Records for the task ::

——

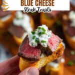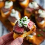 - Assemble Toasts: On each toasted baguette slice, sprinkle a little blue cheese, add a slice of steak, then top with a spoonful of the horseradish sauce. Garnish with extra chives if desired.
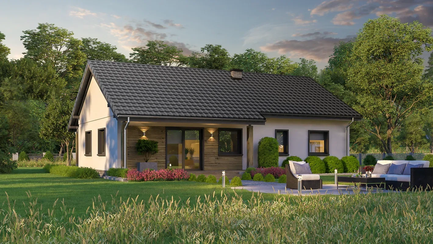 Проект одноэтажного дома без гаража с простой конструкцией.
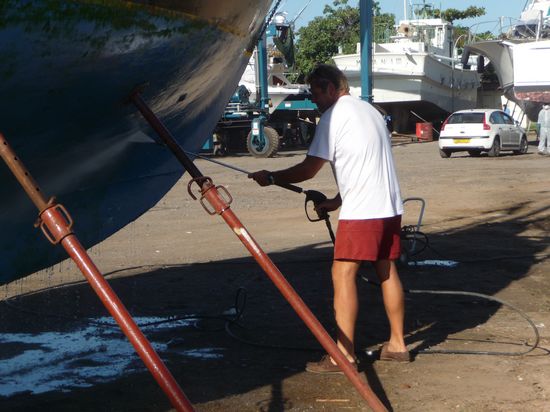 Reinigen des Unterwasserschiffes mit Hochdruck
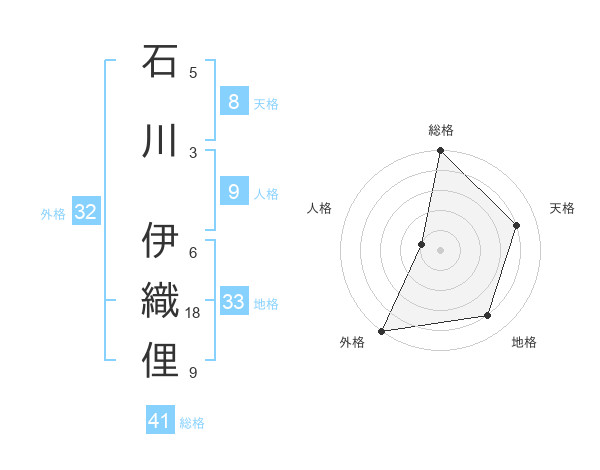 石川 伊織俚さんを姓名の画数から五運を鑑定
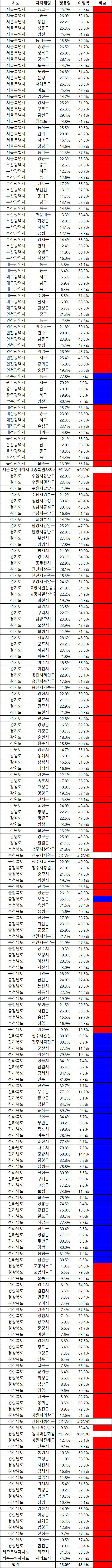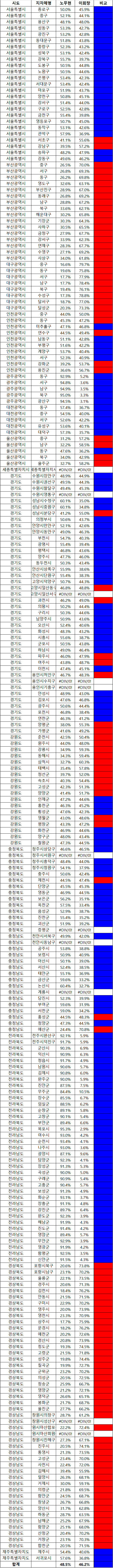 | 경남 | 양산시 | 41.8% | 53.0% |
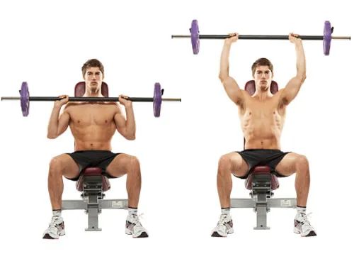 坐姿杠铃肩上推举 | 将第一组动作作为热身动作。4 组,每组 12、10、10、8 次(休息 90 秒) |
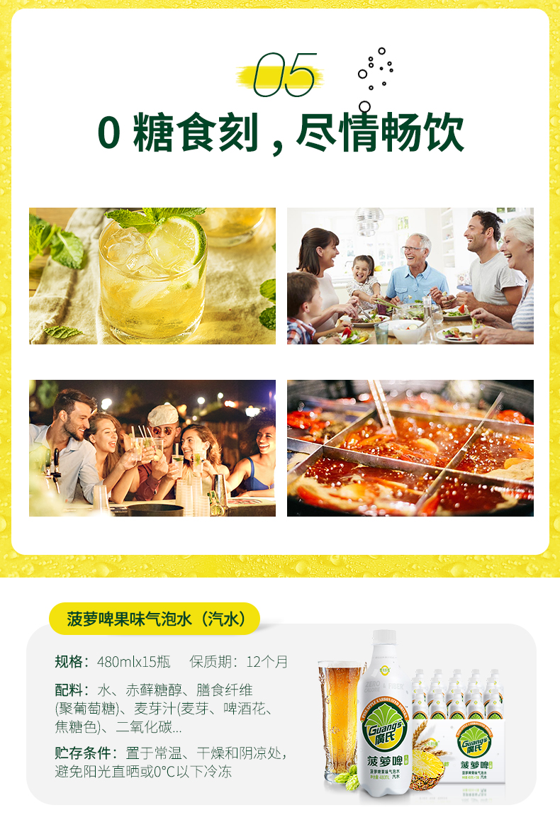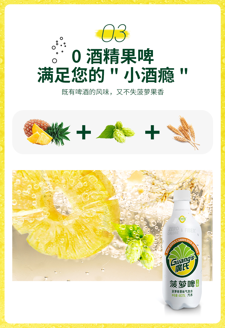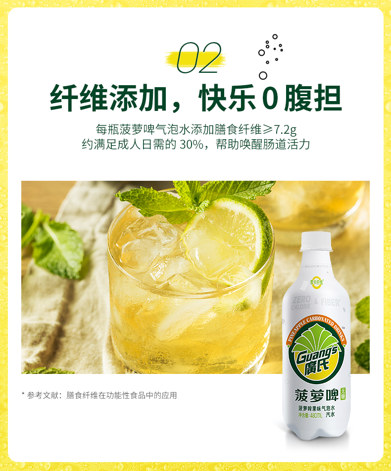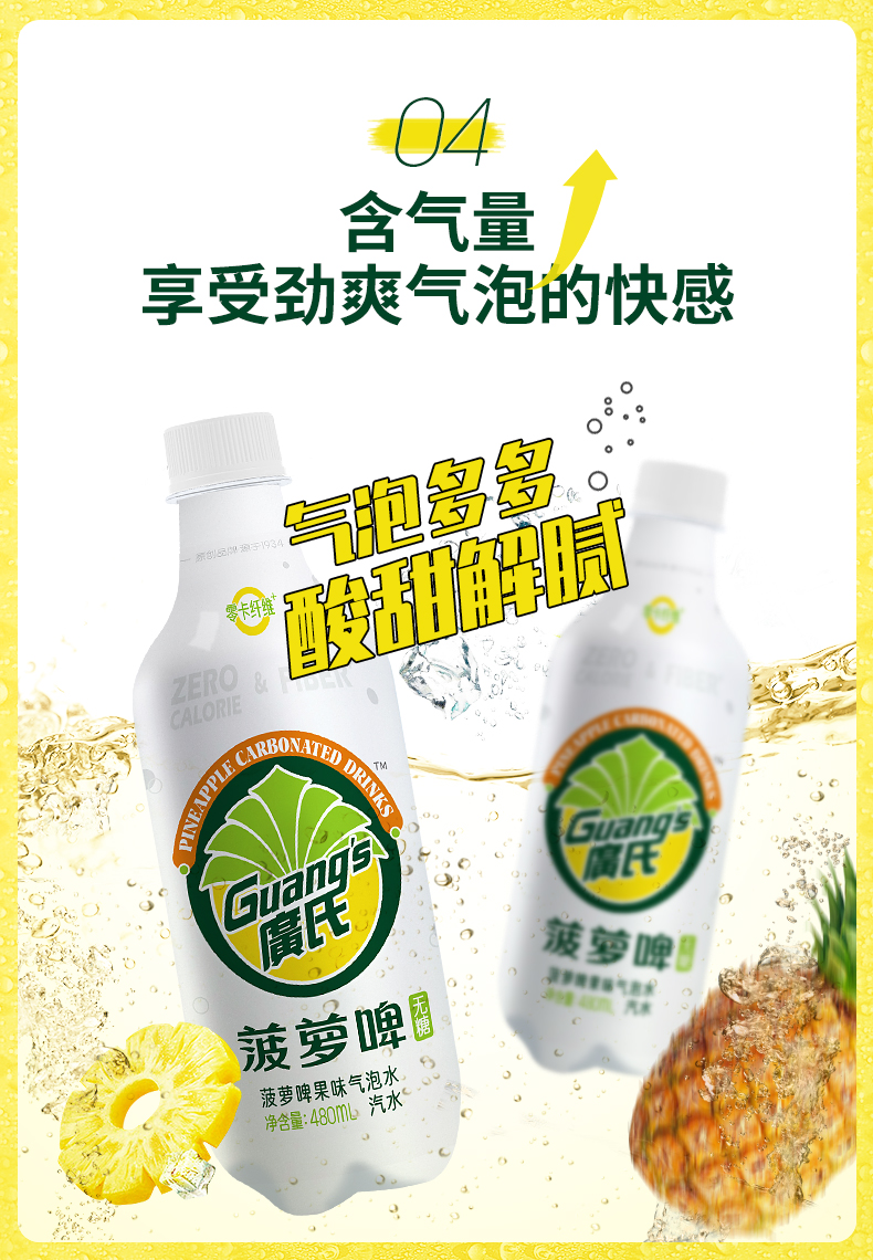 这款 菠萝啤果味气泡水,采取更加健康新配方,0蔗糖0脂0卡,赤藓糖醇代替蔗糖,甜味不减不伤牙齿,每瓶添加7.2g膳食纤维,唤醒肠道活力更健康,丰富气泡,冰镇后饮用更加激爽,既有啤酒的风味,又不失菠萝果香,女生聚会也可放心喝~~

——

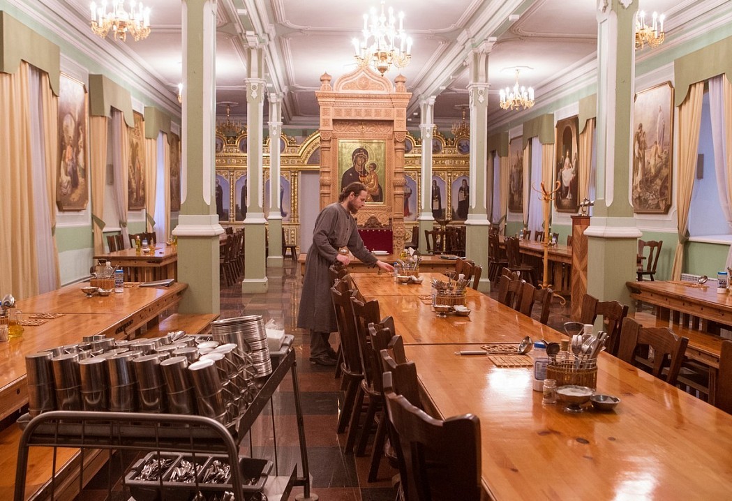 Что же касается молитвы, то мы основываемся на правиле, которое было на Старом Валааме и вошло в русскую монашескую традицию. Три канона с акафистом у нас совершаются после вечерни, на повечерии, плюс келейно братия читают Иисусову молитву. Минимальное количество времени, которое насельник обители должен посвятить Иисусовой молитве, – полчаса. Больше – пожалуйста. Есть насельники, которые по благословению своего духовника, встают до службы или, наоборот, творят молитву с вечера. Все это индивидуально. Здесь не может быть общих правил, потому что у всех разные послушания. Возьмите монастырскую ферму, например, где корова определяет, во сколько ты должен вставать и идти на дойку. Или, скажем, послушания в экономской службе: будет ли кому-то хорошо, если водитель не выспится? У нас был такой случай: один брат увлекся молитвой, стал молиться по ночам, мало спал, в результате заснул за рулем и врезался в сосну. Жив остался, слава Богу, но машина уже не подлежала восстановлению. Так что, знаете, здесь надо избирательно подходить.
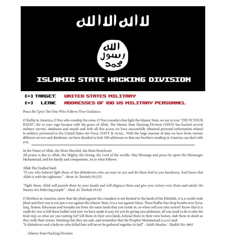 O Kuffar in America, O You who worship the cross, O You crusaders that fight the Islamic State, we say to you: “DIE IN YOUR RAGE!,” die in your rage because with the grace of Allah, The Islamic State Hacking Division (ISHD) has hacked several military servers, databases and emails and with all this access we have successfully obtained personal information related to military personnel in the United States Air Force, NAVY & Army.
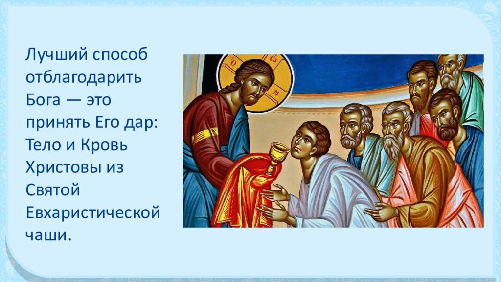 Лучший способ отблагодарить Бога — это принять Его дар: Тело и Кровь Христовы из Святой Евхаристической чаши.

——

Aim of the task :: Among the lines above, the one with "Reinigen des Unterwasserschiffes" opens the part to repeat and the one with "这款 菠萝啤果味气泡水,采取" closes it; repeat only that part exactly, with no pictures.

Completed exercise ::
 Reinigen des Unterwasserschiffes mit Hochdruck
 石川 伊織俚さんを姓名の画数から五運を鑑定
 | 경남 | 양산시 | 41.8% | 53.0% |
 坐姿杠铃肩上推举 | 将第一组动作作为热身动作。4 组,每组 12、10、10、8 次(休息 90 秒) |
 这款 菠萝啤果味气泡水,采取更加健康新配方,0蔗糖0脂0卡,赤藓糖醇代替蔗糖,甜味不减不伤牙齿,每瓶添加7.2g膳食纤维,唤醒肠道活力更健康,丰富气泡,冰镇后饮用更加激爽,既有啤酒的风味,又不失菠萝果香,女生聚会也可放心喝~~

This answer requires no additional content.